Et que diraient ses parents qui jamais, au grand jamais, n'avaient abordé avec elle le scabreux sujet de la virginité. Qui allait de soi.
Et que dirait Henri ?
Frémissante d'horreur à la pensée du fiancé imposé, elle se persuada qu'elle pouvait au moins s'offrir pour la première fois à un homme de son choix.
Ils s'aimèrent en douceur, en folie, en abandon total, ils s'aimèrent dans la fougue et les tâtonnements émerveillés et curieux de la jeunesse, dans leur trouble et leur angoisse, et le petit matin les éveilla au son d'une musique martiale qu'ils apprendraient à connaître très vite.
Jonathan se faufila rapidement dans le placard.
La couturière Louise Tossat arriva peu avant midi chargée d'une ribambelle de chapeaux. Sa mère tenta d'assister aux essais et subit la première rebuffade agressive de sa vie de mère.
Mathilde osa la confiance. Sans cesse en bute aux sollicitations maternelles, ne pouvant faire un pas chez elle sans croiser un militaire honni, entendre des ordres et des claquements de bottes, elle avait parcouru la matinée comme un chemin de croix, dans un état d'énervement proche des larmes. Fuir en compagnie de Jonathan devint une idée fixe et à part cette jeune femme, qui pouvait-elle solliciter pour les aider ? Elle supplia Louise Tossat, les larmes aux yeux, de leur trouver une planque quelconque, faisant surgir la tête de Jonathan du placard à falbalas. Louise éclata de rire. Et promit de s'en occuper.
Elle reviendrait le plus tôt possible avec la nouvelle jupe-culotte qu'elle avait quasiment terminée. Elle y avait travaillé toute la nuit, précisa-t-elle.
Le dîner fut un pensum. Mathilde avait usé de soudaines fringales pour subtiliser de la nourriture à n'importe quel moment de la journée. Etait-elle surveillée ? Le colonel continuait de l'observer avec une attention qui s'apparentait de plus en plus à de la suspicion. Il avait demandé des nouvelles de « ce jeune homme, qu'est-il devenu ? Un Anglais m'a dit votre père ? Un Jonathan ? » On lui avait affirmé qu'il était parti.

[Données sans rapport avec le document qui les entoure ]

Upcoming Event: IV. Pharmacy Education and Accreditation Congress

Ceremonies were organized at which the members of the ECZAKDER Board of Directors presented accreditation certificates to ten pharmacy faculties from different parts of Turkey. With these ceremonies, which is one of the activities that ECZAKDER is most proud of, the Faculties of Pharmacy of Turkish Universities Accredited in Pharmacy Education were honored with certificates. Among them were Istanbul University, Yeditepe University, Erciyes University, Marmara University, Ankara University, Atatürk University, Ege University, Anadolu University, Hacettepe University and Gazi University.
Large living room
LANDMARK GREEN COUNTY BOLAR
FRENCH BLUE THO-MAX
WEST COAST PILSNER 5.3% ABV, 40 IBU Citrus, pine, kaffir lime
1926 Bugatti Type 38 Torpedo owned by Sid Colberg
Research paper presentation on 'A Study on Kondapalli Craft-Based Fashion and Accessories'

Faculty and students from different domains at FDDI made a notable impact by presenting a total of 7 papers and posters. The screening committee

Le doute avait dessiné sur ses lèvres un sillon sardonique qui effrayait Mathilde. Avait-il deviné ?
Henri était à nouveau là, verbeux et bravache.
Le soir même, lorsque chaque convive se fut retiré, elle retrouva Jonathan.

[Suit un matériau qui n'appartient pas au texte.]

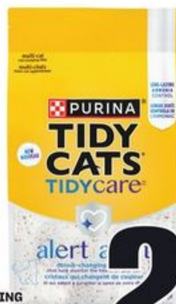
TIDY CATS TIDY CARE ALERT COLOUR CHANGING CRYSTALS CAT LITTER 3.63 KG 21581080_EA
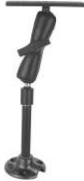
RAM-134-90 RAM 90 DEGREE BASE 6" PIPE DOUBLE SOCKET MOUNT
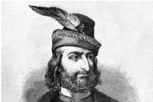
Figure 8. Matej I. Korvín

Matej I. Korvín did not miss the accompaniment, (Figure 8) Hungarian and Czech king.
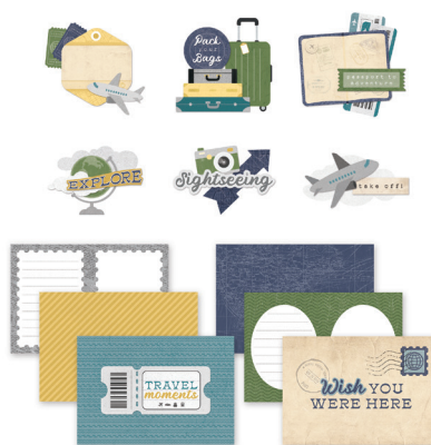
Passport to Adventure Artsy Add-On Kit #662968
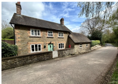
Brookside, Brockton, Much Wenlock
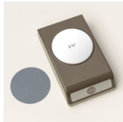
2-3/8" (6 Cm) Circle Punch - 161354
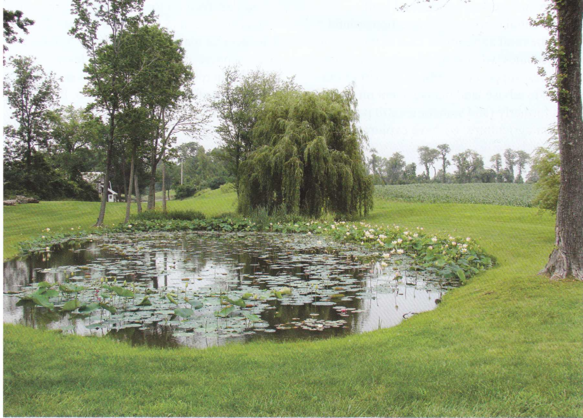
The edges of ponds, even small ones, such as this lily pond, often harbor grass-skipper butterflies such as Least Skipper. July 4, 2006. Ghent, Columbia Co., NY.

or sedges. Hobomok and Zabulon Skippers, for example, apparently like forest edges/shrubs for perching, and we have consistently found Juniper Hairstreaks in areas where Eastern Redcedar is encroaching on farmland. However, we have not found any of the true shrubland butterflies (e.g., those listed by Wagner in his Connecticut work) on farms.
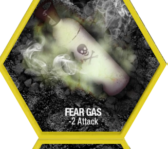
FEAR GAS -2 Attack
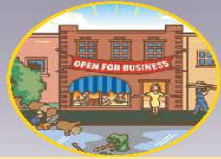
ESF 18 BUSINESS, INDUSTRY AND ECONOMIC STABILIZATION Office of Tourism, Trade, and Economic Development and Department of Revenue
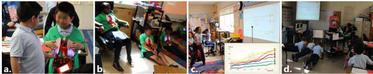
Figure 1. Our two WBI tools: (a, b) BodyVis displays live heart and breathing rates on a wearable, e-textile shirt while (c, d) SharedPhys uses a time-series graph representation projected on a large-screen display. Images (b) and (d) show children testing activities with BodyVis (resting) and SharedPhys (push-ups), respectively.

Through a design-based research approach (Sandoval & Bell, 2004), we iteratively designed scaffolds using participatory design with teachers, classroom deployments, and teacher and child feedback. Using a multiple case-study methodology (Yin, 2014), we identify similarities and differences among the authenticity of WBI projects and the influences of our iterated scaffolding from 2016 to 2017. Our findings illustrate how researchers can construct age-appropriate scaffolds for early learners conducting WBI.
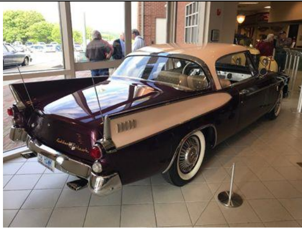
1958 Studebaker Golden Hawk

Ironically, I had just sold my 1955 Studebaker Speedster to an officer of the museum and it would be parked on a platform adjacent to my Hawk. There was already a large crowd in the lobby and the sign-up registration was directly next to my Hawk. What a prime location.
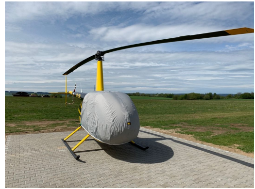
Robinson R-44 RAVEN I TRAVEL COVER
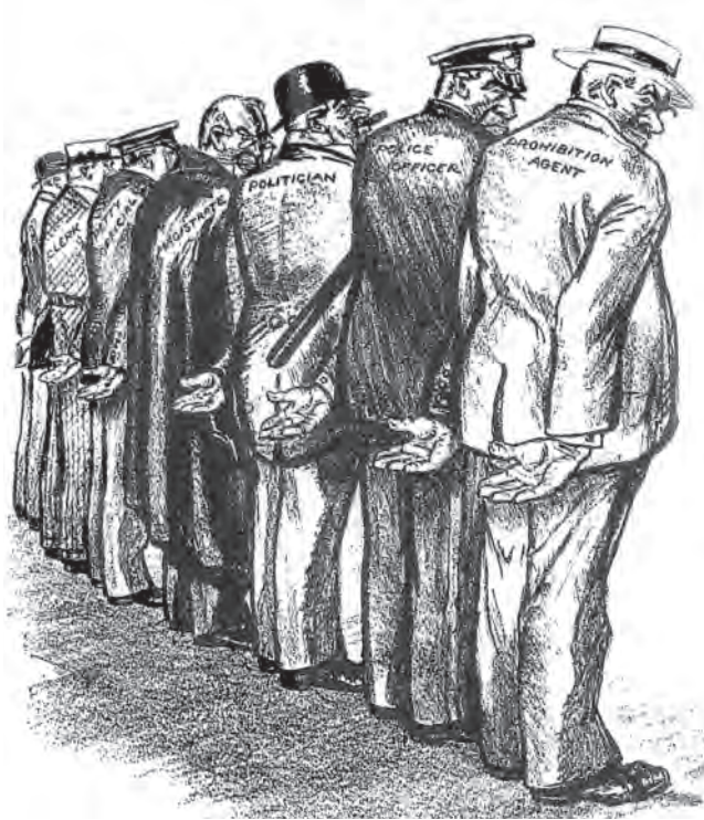
A cartoon from the Prohibition era entitled 'The National Gesture'.

13 Study the cartoon, and then answer the questions which follow.
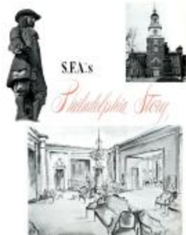
Philadelphia story (1 of 2), Saks News, Vol. 7, No. 2 (Easter 1952) (KA0102_k07_f01_01)
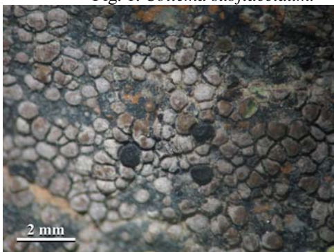
Fig. 3. Rhizocarpon geminatum .
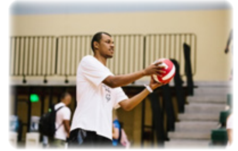
Choice of Coaches sports kit $431.00
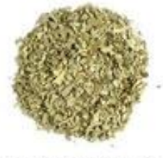
Eucalyptus Leaf - 15g
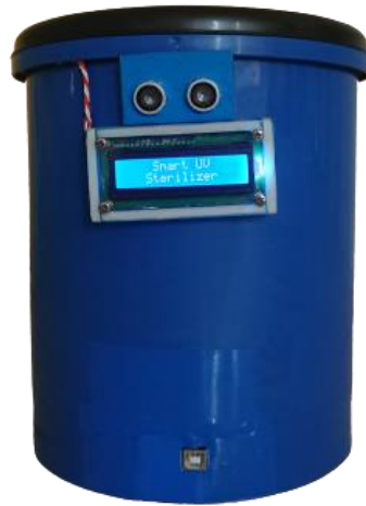
Figure 1. Smart UV Sterilizer

Etait-ce le désir ou la détresse qui les projetait l'un contre l'autre avec avidité ? Ou bien étaient-ils déjà tombés en amour par quelque sortilège dont la jeunesse possède le secret ?

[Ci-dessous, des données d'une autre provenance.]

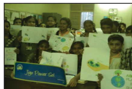
Tata Power Club
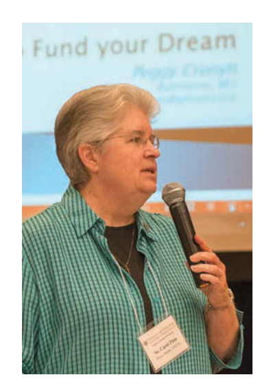
In 2016, the NRRO hosted 11 workshops on various topics.

The TTV workshop was a jam-packed, two-day program that furnished information, training, and resources on complex property issues. It was designed for religious communities currently involved in property planning and those for whom property-related decisions are imminent. Speakers addressed topics including green building, legal concerns, renovation vs. new construction, and how effective planning can help
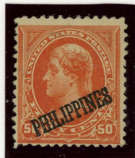
50¢ Orange Counterfeit Overprint Too Long and Too Thick Probably Made by Fournier
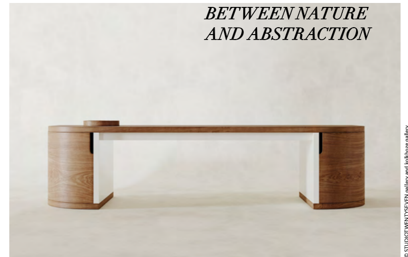
© STUDIO WENTSEVEN gallery and kokkoze gallery Design by FRANCESCO BALZANO
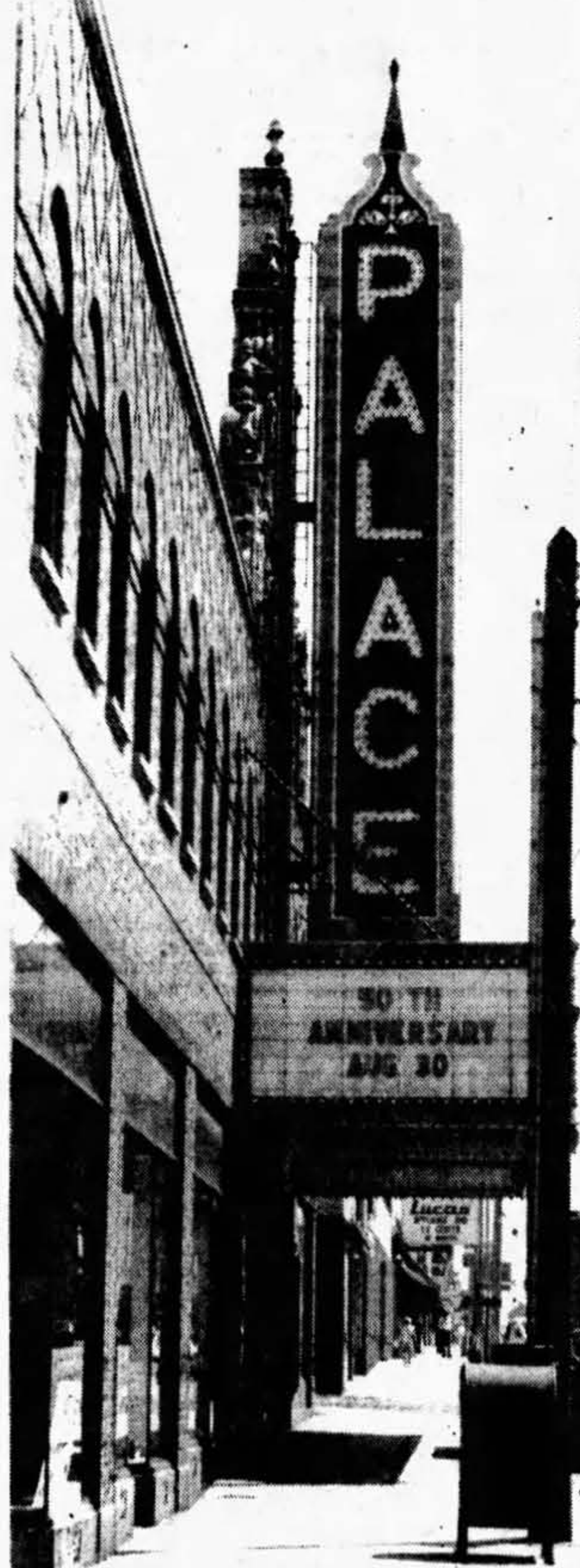
Theater Marquee Announces The Celebration

280 W. Center St. Persons wanting to display art works in the show can enter their pieces Aug. 26 and 27. In addition, $500 in prizes will be awarded to art works dealing specifically with the theater, its heritage or the programs sponsored there. Entry categories include oil, acrylics, watercolors, drawings, graphics, mixed media, photography, sculpture, pottery and textiles. Various activities have been planned to present an evening of entertainment in honor of a theater that will celebrate its 50th anniversary because of community support which enabled complete restoration of the vintage gathering place.
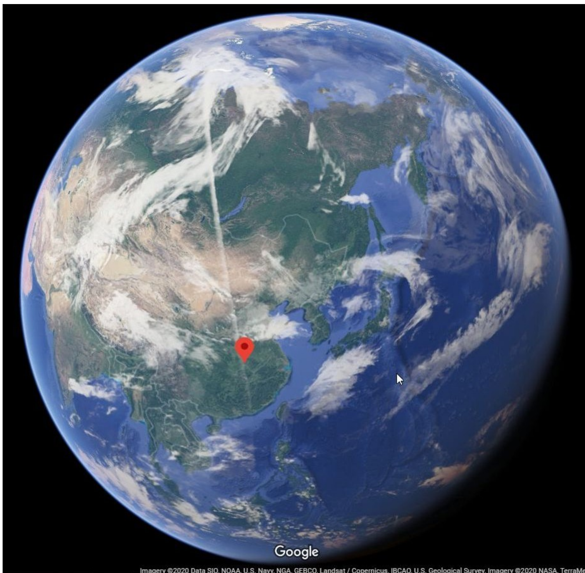
Figure no.1 The northern hemisphere segment of the linear cloud; red: Wuhan-China, 114°E/30°N Google Earth 3D Globe

At the time when the sunrise line reaches the Wuhan city line again, the Sun is in the middle of the Pacific tectonic vortex (155°W), and when the sunrise reaches the 65°W meridian, the Sun is in the middle of the Africa tectonic vortex (25°E). At these moments, the two vortices are under the maximum influence of the external source - the Sun, alternately at 12 hours, and the cirrus linear cloud no longer has conditions of formation neither in the northern nor in the southern hemisphere for 4 hours, during the periods of transition.
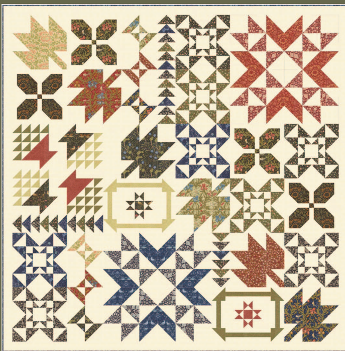
WS 107 Oh Happy Day 76" x 76" by Wendy Sheppard
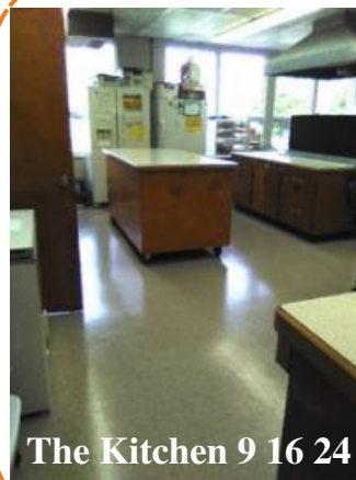
The Kitchen 9 16 24

In September, A Quality Facility Services came in to deep clean the floors in the Parlor, the kitchen, Fellow Ship Hall and the Opening Room downstairs. Wow! What a difference it made! Those of you who were able to come into the church the day after the floors were done were amazed at how great they looked. Stop in and see for yourself. This was all possible due to the joint support from the Historical Society who shared in the costs to have the work done at the church. We thank everyone involved. The church truly is a nice welcoming place for members and visitors.

Fiévreusement, ils arrachèrent leurs vêtements, jupe, pantalon, ceinture, corset. Tombés au sol, froissés, mélangés, ils furent aussitôt repoussés du pied par l'un ou l'autre, tandis que les bouches se cherchaient, que les mains couraient sur la peau, avides de découvrir, encore et encore, ce corps mystérieux où engloutir leur soif de vivre envers et contre tout. Les corps s'enlaçaient avant de s'unir, puis, tout doucement les mots s'en mêlaient, des mots murmurés dans des halètements, des mot gémis, des mots doux qui disaient l'espoir et la tendresse.
Et puis soudain un bruit. Un volet claqua, un rire, un crissement dans le jardin. Mathilde détecta soudain la lumière qui filtrait sous la porte. Elle entendit des pas glisser dans le couloir, à peine assourdis. On ne se cachait pas. On s'était immobilisé derrière la porte et on écoutait. Mathilde et Jonathan osaient à peine respirer. Les corps se figèrent, s'éloignèrent en frissonnant, tandis qu'ils tentaient à mi-voix de se rassurer : deux heures avaient sonné, chacun dormait dans la demeure…
Et, à nouveau, ils se cherchaient dans l'ombre.
Le soleil perçait à peine la nuit lorsque des coups bruyants sur la porte de la chambre réveillèrent les deux amants. Des cris, ceux des parents, d'autres en allemand, se confondaient. Son père protestait, le colonel se faisait sarcastique, autoritaire. Jonathan se glissa vivement dans le placard. Les robes de Mathilde, amassées vers le fond, dégoulinaient sur lui en plis souples et soyeux. Cela suffirait-il ?
Mathilde ouvrit la porte, se frotta les yeux comme ensommeillée, questionna son père qui la tira violemment à l'extérieur, hargneux, sans un regard. Les soldats envahirent la chambre. On dépouilla le lit, on observa sous le sommier, le placard fut fouillé, les robes arrachées des cintres et Jonathan extrait sans ménagement, jeté au sol, menotté.
— Vous voyez, mademoiselle, vos problèmes sont résolus, vous pouvez vous fiancer sans regret maintenant.